Manny's Law is a New York law (effective Jan. 2007) that conditions state funding to hospitals on their termination of overcharging the uninsured who earn less than three times the poverty level. Its citation is NY CLS Pub Health § 2807-k.
This new law probably protects far more than half of all hospital patients in New York. These patients cannot be charged more for medical care than the hospital would charge an insurance company ("highest volume payer"), Medicare or Medicaid. This new law also prevents aggressive collection practices, such as foreclosing on someone's home.
Hospitals that fail to comply will lose $850 million in state funds for charity care. For non-emergency cases, a proposed regulation would limit application of this law to those patients who use their local hospital.

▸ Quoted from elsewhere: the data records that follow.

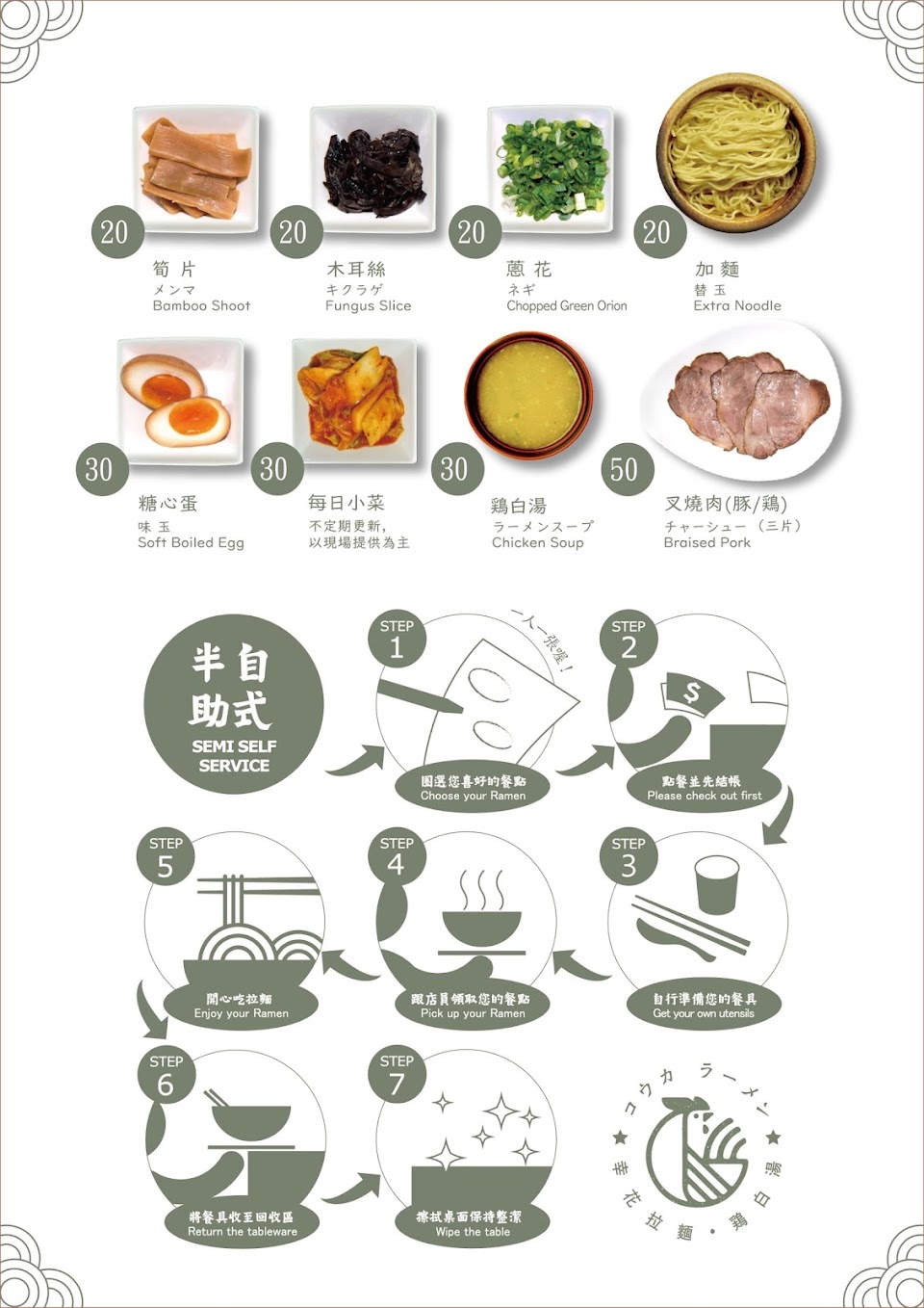 服務態度有夠差 用餐當天選了鹽味拉麵 只是跟老闆說不要放筍乾跟木耳 老闆就回這個沒有喔 只是再詢問一次那請問有什麼 老闆就非常不客氣說「阿你沒有看照片?」? 然後拉麵109元 我只是先拿100元出來(零錢在拿) 老闆就態度很差說109元(好像怕我只給他100) (有時客人沒清楚看照片,可以好好跟客人講不需要這麼不耐煩^_^) 湯頭好喝 麵的口感真的有點像陽春麵 叉燒肉當天吃裡面還有一點點冷冷的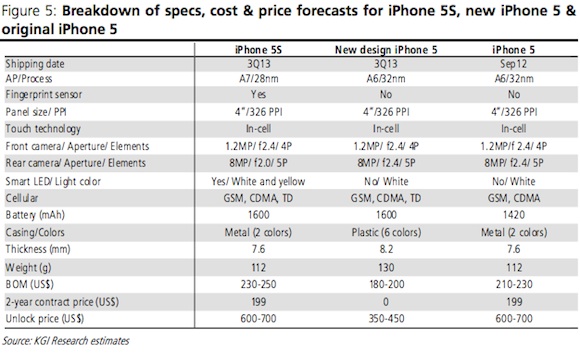 iPhone : Kuo s’attend à ce que Apple présente à la fois un iPhone 5S et iPhone 5 « revu » autour de Juin ou Juillet de cette année, l’iPhone 5S apparait très similaire à l’iPhone 5 actuel, mais portant un certain nombre d’améliorations, y compris une puce A7 pour une meilleure performance, un capteur d’empreintes digitales, et des améliorations caméra comme une ouverture f2.0 et un flash LED intelligent. Il croit aussi que l’iPhone à moindre coût sera à bien des égards un simple iPhone 5 reconditionné et un peu plus épais (8,2 mm contre 7,6 mm actuellement) avec un boîtier en plastique disponible en six couleurs.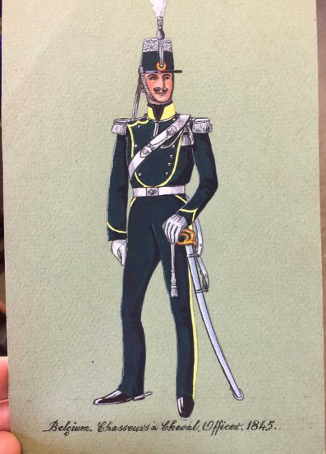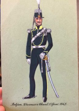 A.H Bowling (20th century), three military watercolour uniform studies comprising Belgian Chasseurs à Cheval, Officer, 1845, unsigned; Regiment Waldstein, 1795 unsigned; and Major of 3rd Cavalry, 1870, signed, each unframed, 20.4cm x 12.7cm (3)

This law should discourage health insurance companies, which are oligopolies, from continuing to force or persuade hospitals to overcharge the uninsured. Insurance companies like hospital overcharging of the uninsured because it drives more people to buy full insurance.
With this new law, there should be less economic pressure to buy low-deductible insurance, and there should be an increase in self-paying patients in New York. There is a risk that hospitals will continue to overcharge the uninsured, particularly those above three times the poverty level. But many patients below the threshold opt should now opt for self-payment rather than costly insurance premiums.
Libertarian think tanks, such as the Ludwig Von Mises Institute and CATO Institute and perhaps Heritage, support oligopoly and monopoly power by hospitals and others. But abuse of monopoly power by hospitals in the form sham peer review to impose exclusive contracts can occur.